Input for this task:
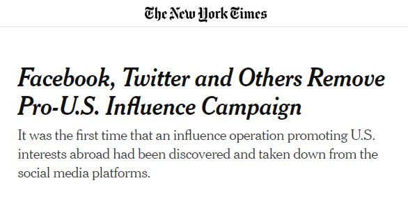 《纽约时报》对“影响力行动”的相关报道。图片来源:《纽约时报》网站截图
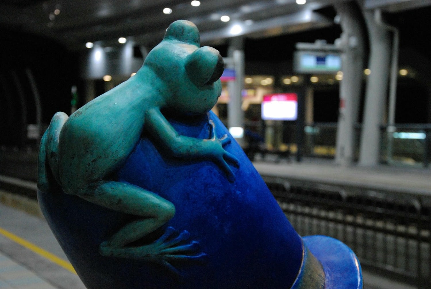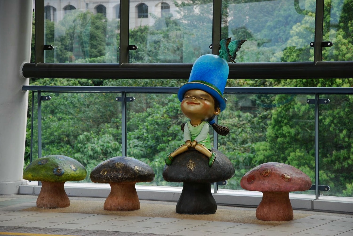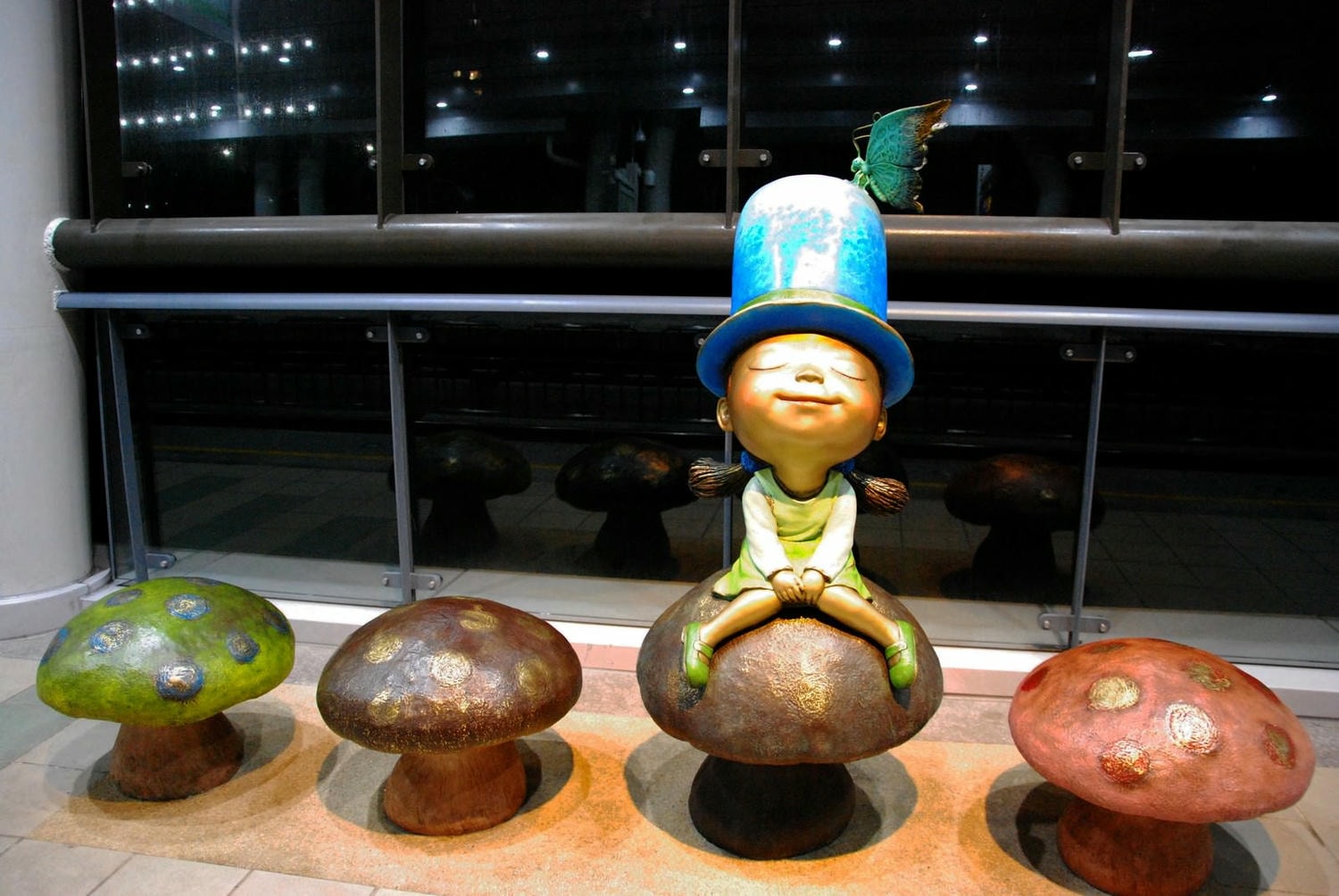 淡江大學站有2組公共藝術,第一組是戴著上頭停著一隻青蛙的深藍色帽子的小女孩坐在蘑菇上。
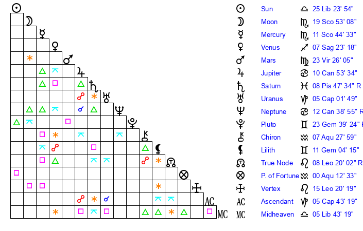 | Sun | 25 Libra 24 | 26 Libra 34 | 25 Aquarius 53 |
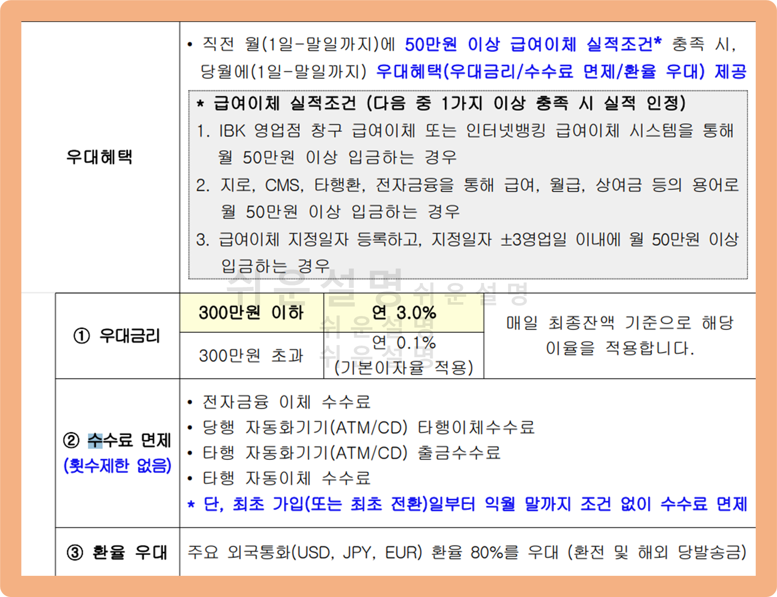 그리고 전월 급여이체 내역이 50만원 이상이면, 3%의 금리 우대 혜택 뿐만 아니라 각종 이체 수수료가 면제되며 환율 80% 우대 혜택도 제공된다는 점 알아두시길 바랄게요.
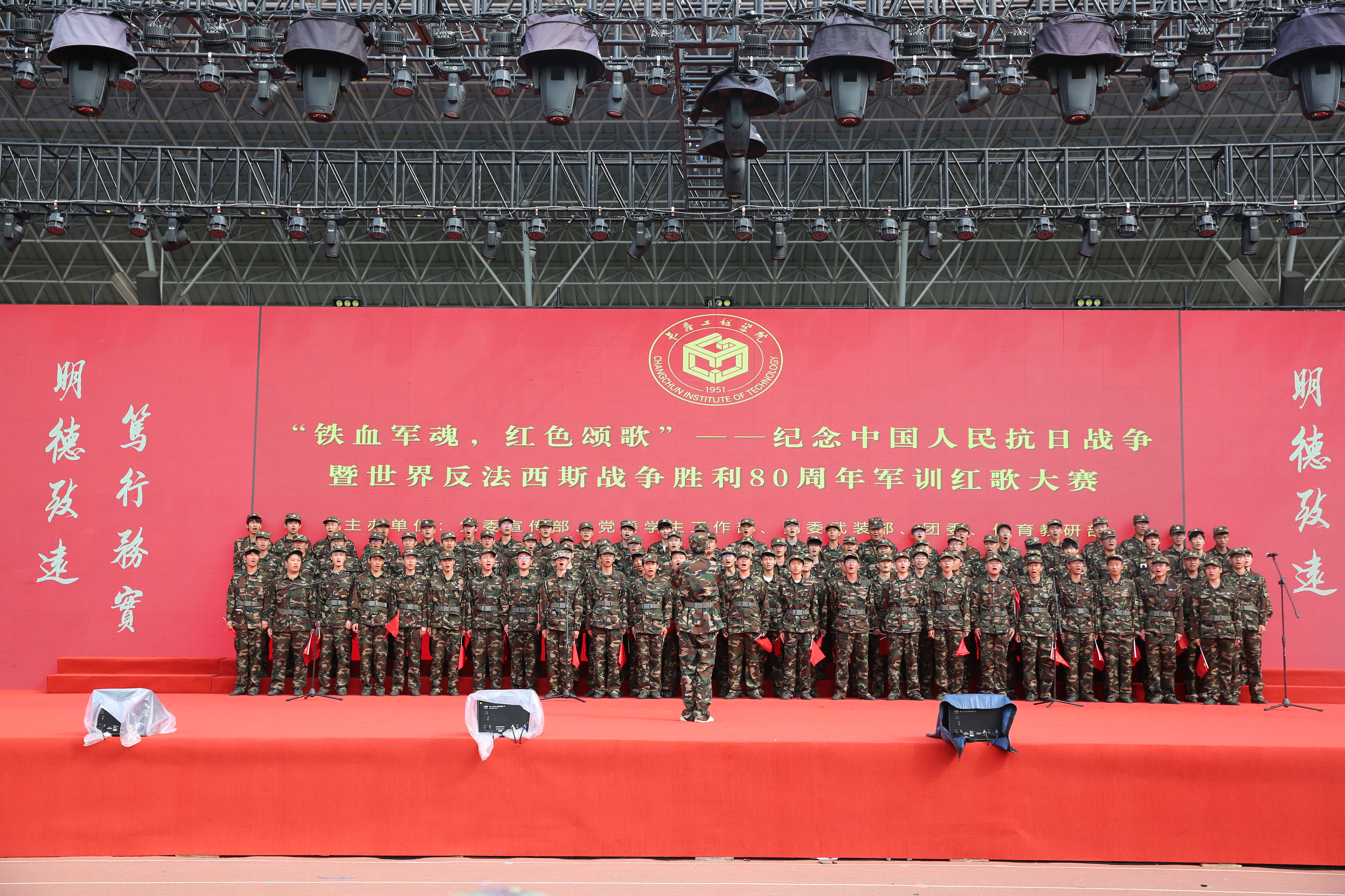 为深切缅怀革命先烈,弘扬伟大抗战精神,强化爱国主义教育,9月28日,我校“铁血军魂,红色颂歌”——纪念中国人民抗日战争暨世界反法西斯战争胜利80周年军训红歌大赛在湖西校区体育场举行。在国庆节来临之际,长工程学子以歌咏志,用一首首铿锵旋律展现了青春风采,这嘹亮的歌声正是“我和祖国共成长”誓言的生动实践。
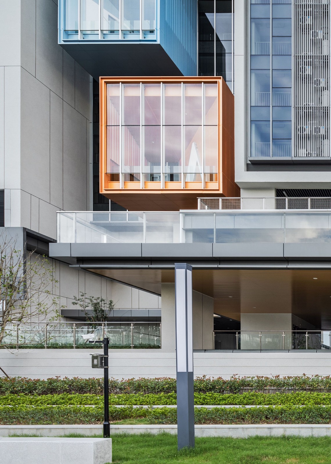 在城市界面,建筑以一种活力积极的姿态面向城市。精致错落的建筑形体犹如跳动的音符,像青年一样向北仑展现自己的热情与活力。在延续城市文脉的努力中,设计师以北仑本地特色为基础,辅以北仑海洋文化和海港文化,通过形体变化与对比彰显青年的特色,形成兼具地方文化与时代特色的建筑立面,与西北侧千篇一律的城市界面形成对比,也赋予建筑具有标示性的外观。起伏变化的曲面意向取自北仑海岸的汹涌波涛,承载北仑青年远航的未来;集装箱造型的“共享盒子”由低到高密度逐渐变小,象征着北仑青年远方的征途;多彩的颜色与多变的空间则代表着北仑青年的朝气蓬勃。

What to work on:
From the line with "Aquarius 53 |" up to and including the line with "为深切缅怀革命先烈,弘扬伟大" above, retype every line exactly and nothing more; leave out the pictures.

Exercise solution:
 | Sun | 25 Libra 24 | 26 Libra 34 | 25 Aquarius 53 |
 그리고 전월 급여이체 내역이 50만원 이상이면, 3%의 금리 우대 혜택 뿐만 아니라 각종 이체 수수료가 면제되며 환율 80% 우대 혜택도 제공된다는 점 알아두시길 바랄게요.
 为深切缅怀革命先烈,弘扬伟大抗战精神,强化爱国主义教育,9月28日,我校“铁血军魂,红色颂歌”——纪念中国人民抗日战争暨世界反法西斯战争胜利80周年军训红歌大赛在湖西校区体育场举行。在国庆节来临之际,长工程学子以歌咏志,用一首首铿锵旋律展现了青春风采,这嘹亮的歌声正是“我和祖国共成长”誓言的生动实践。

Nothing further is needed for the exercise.